No cranial nerve deficits or cosmetic deformities were observed after the surgery (Fig. 1).

The patient was discharged 3 days after the procedure.




Results


Thirty patients, 22 females (73 %) and 8 males (27 %), suffering from SOM were operated on between 2013 and 2014.

The mean age was 46 years (range, 8–82 years).

Proptosis was the most frequent sign at presentation, with 21 patients suffering from it, 13 in the right eye and 8 in the left eye. Twenty patients had visual impairment, with campimetric defects in 19 and amaurosis in 1. Oculomotor nerve deficits were found in 8 patients, with diplopia in 5. In particular, 4 patients had a deficit of the third cranial nerve; 3, a deficit of the fourth cranial nerve; and 1, a deficit of the sixth cranial nerve. One patient had trigeminal hypoesthesia in V1 and V2.
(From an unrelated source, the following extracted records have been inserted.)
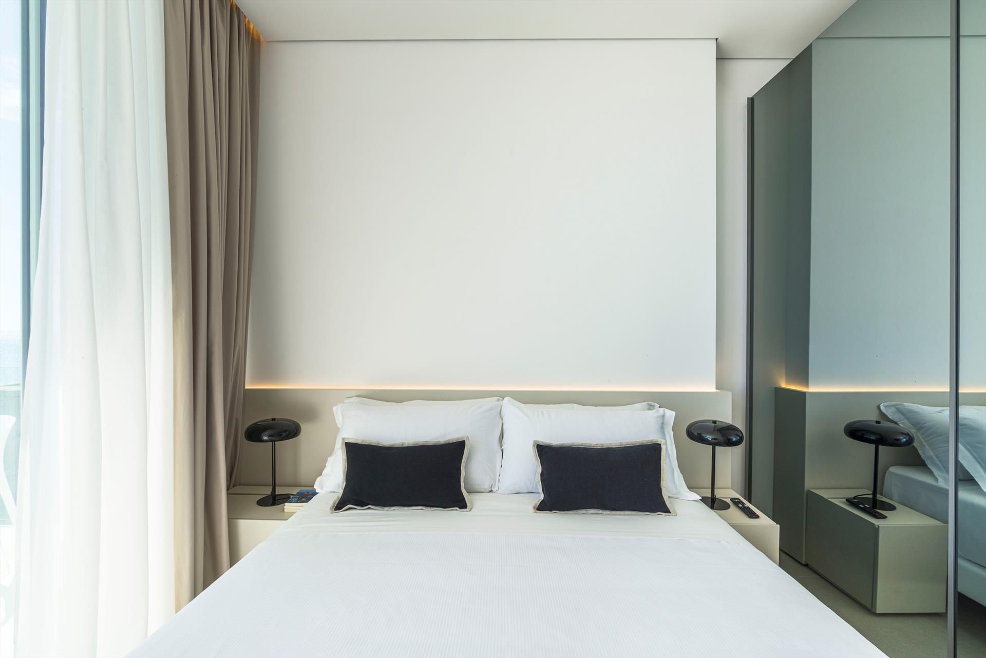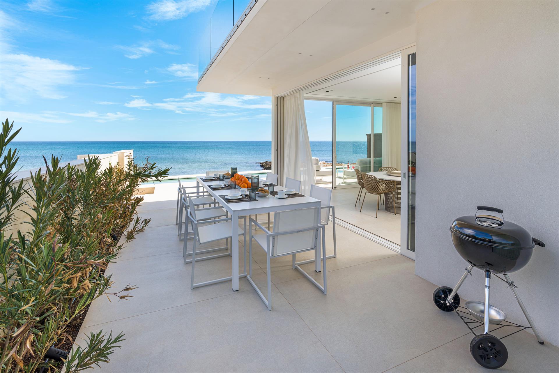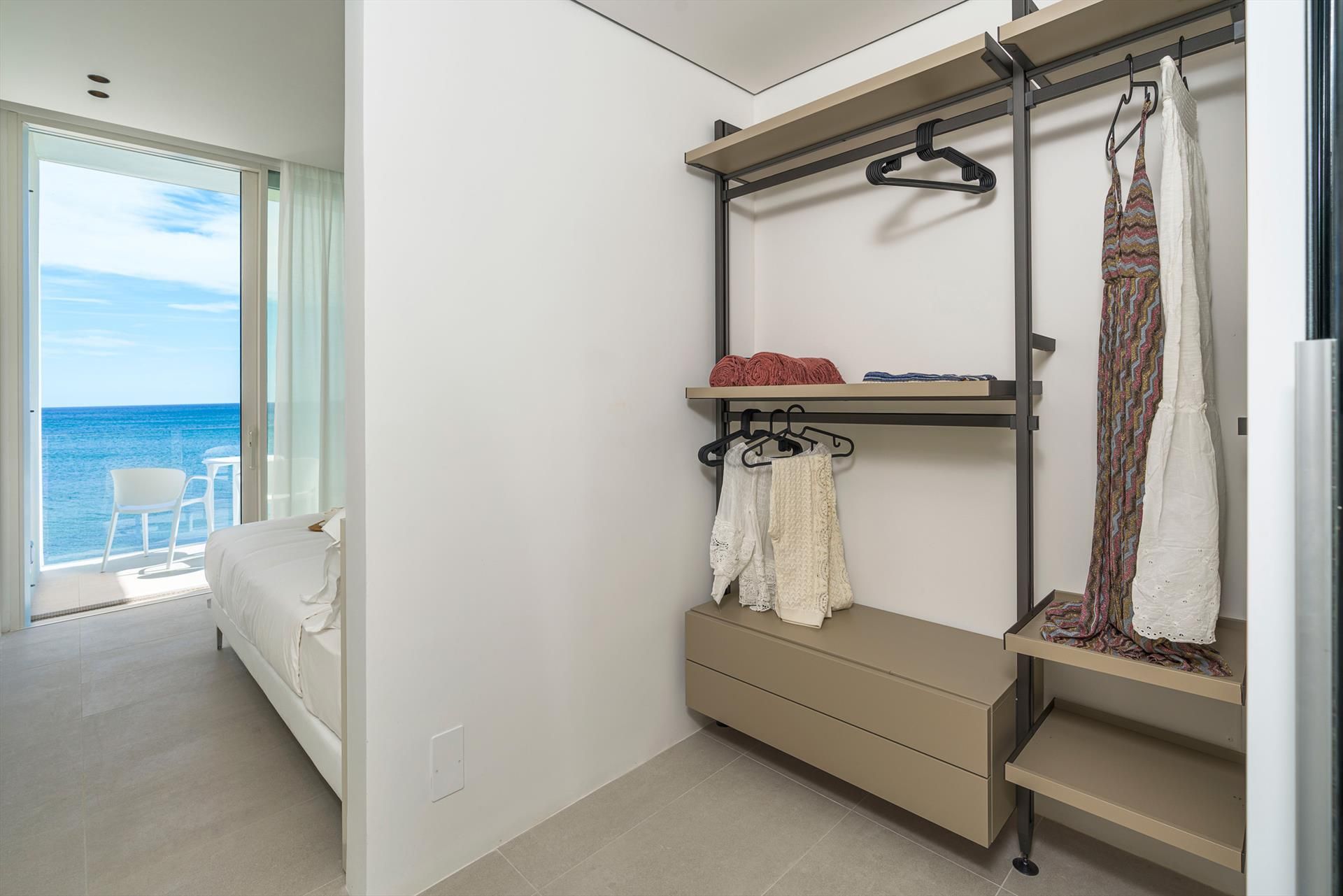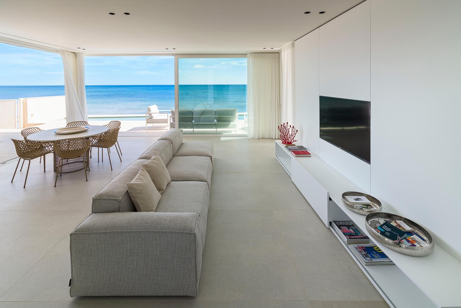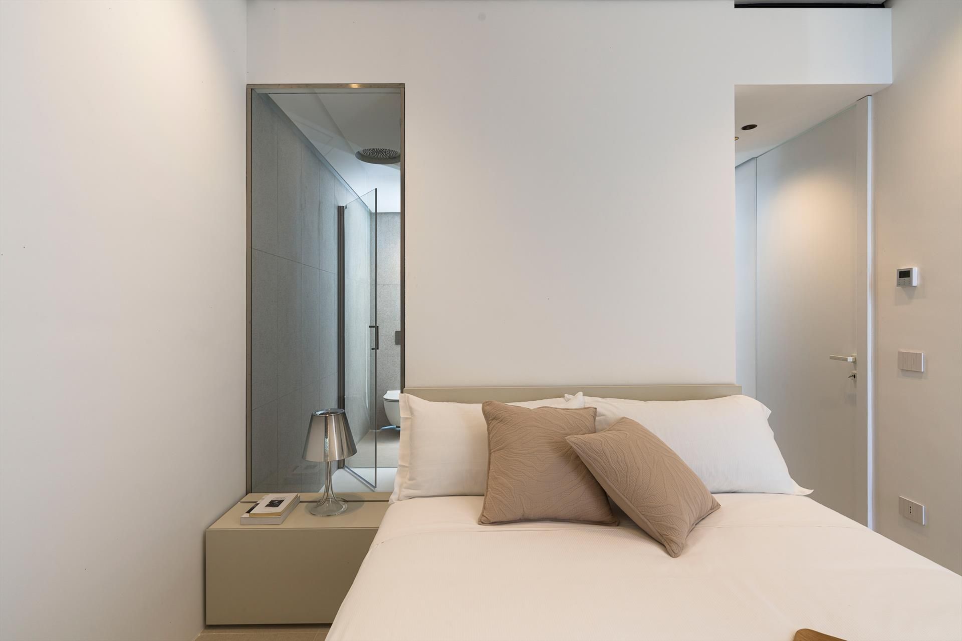 Its comfortable interiors, spread over two levels, have large panoramic windows open onto the sea and include a large living room, a kitchen, four double bedrooms, each with a bathroom with shower, and a terrace facing the sea. The amenities are also top-notch: air conditioning and heating in all rooms, Wi-Fi internet, washer-dryer, dishwasher, Nespresso coffee machine, electric oven and microwave.
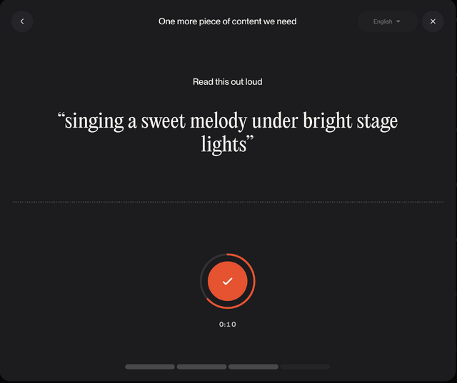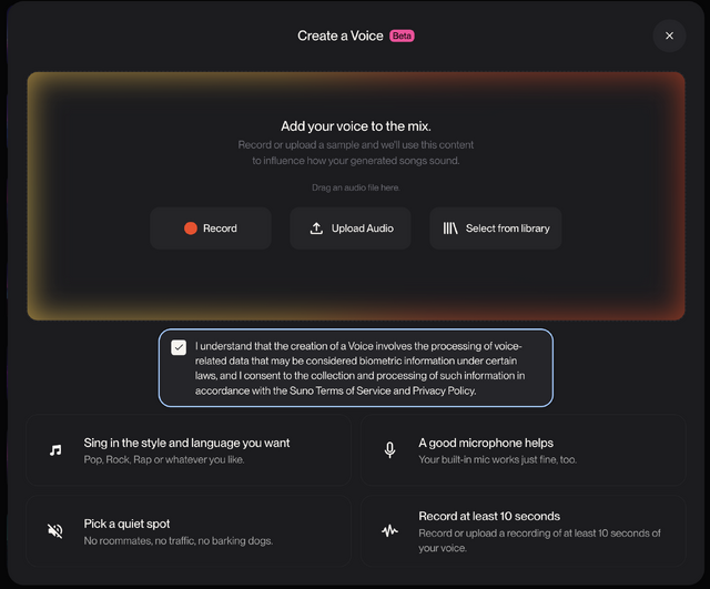 「自分の歌声」をその場で録音するかアップロード、またはSunoのライブラリから指定すると、その歌声が本人のものかどうかを検証されます。
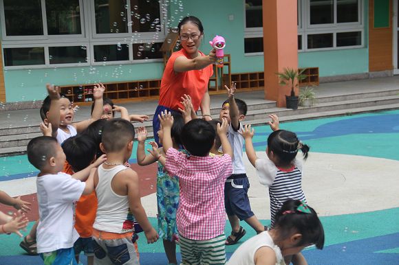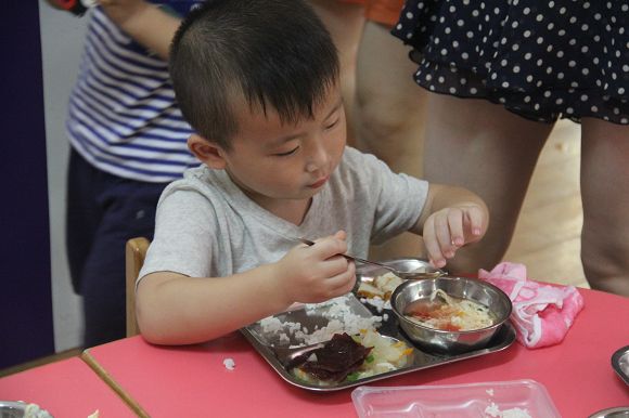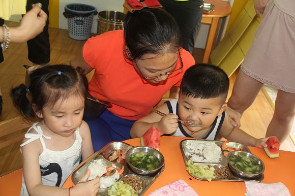 7月5日上午,小小班和小班的新生在各位家长的陪同下来到了开发区心桥幼儿园。教室里老师让每位小朋友作自我介绍,还和小朋友、家长一起做游戏,拉近彼此间的距离,更快地和幼儿及家长建立良好的关系。有家长的陪伴,孩子们都很高兴,还在操场上和熊猫哥哥一起跳带动操。到了中午吃饭的时候,不少小朋友都会自己动手吃饭,真是棒极了!
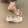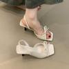 Exquisite and elegant square head bow open-toed sandals women's summer classic temperament wear high-heeled sandals
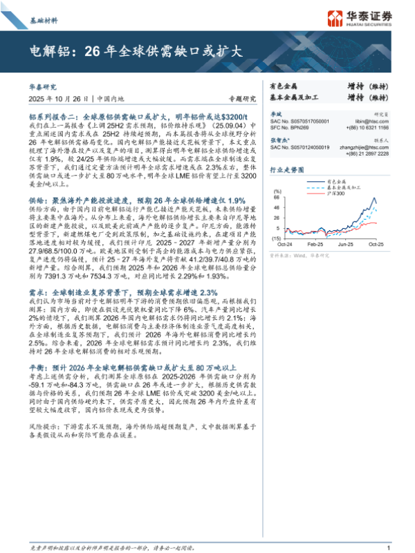 【华泰证券】【202510】基础材料行业电解铝:26年全球供需缺口或扩大-22页 证券期货研究报告
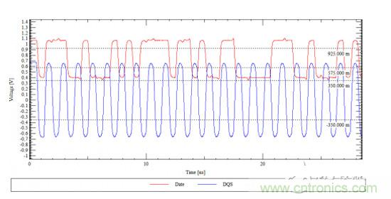 由上圖可知,在地址信號比時鐘信號長的情況下,保持時間為684ps,建立越為1.1ns。可見,相對于地址線與時鐘線等長來說,地址線比時鐘線長會使地址信號的建立時間更短。同理,如果時鐘線比地址線長,則建立時間會變長,而保持時間會變短。那么雙倍速率的數據信號又是怎樣的?下面通過具體的仿真實例來看一下。
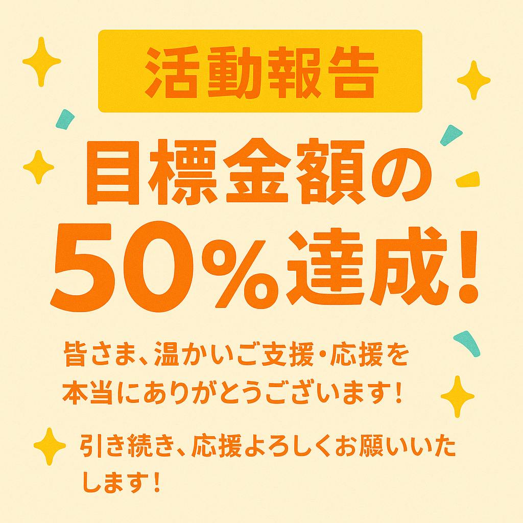 皆さま、温かいご支援・応援を本当にありがとうございます!プロジェクト開始から5日目で、目標金額の 50% を達成することができました!これはひとえに、応援してくださる皆さまのおかげです。心から感謝申し上げます。応援メッセージやSNSでのシェアなど、ひとつひとつの行動が大きな力となっています。「こんなに応援されているんだ」と実感し、胸が熱くなる日々です。残りの期間も、目標達成に向けて全力で取り組んでまいります。まだまだゴールまでは道のりがありますが、どうか引き続き応援・シェア・ご支援のほどよろしくお願いいたします!

Traditional transcranial surgery was performed in 23 patients, using a fronto-temporal approach in 19, fronto-temporal orbital approach in 2, and supraorbital approach in 2.

Six patients underwent endoscopic surgery, in four cases by a lateral transorbital approach, in one case by an endonasal approach, and in one case by a combined transorbital and endonasal approach.

A combined transcranial-transorbital endoscopic approach was performed in one patient.

No approach-related mortality or morbidity, such as temporomandibular joint dysfunction or trismus, occurred after the surgery.

Four patients complained of new, but temporary, third cranial nerve paresis in the postoperative period. A new permanent fourth cranial nerve paresis occurred in one patient. No hyperpathic trigeminal sensation appeared after the procedure.

Visual function, as well as proptosis, improved in all patients, remaining stable at 2-year maximum follow-up.

Postoperative neuroradiological evaluation by MRI with gadolinium and bone CT scan on the day after surgery confirmed a gross-total resection in 24 (80 %) patients, with no recurrences after 2 years.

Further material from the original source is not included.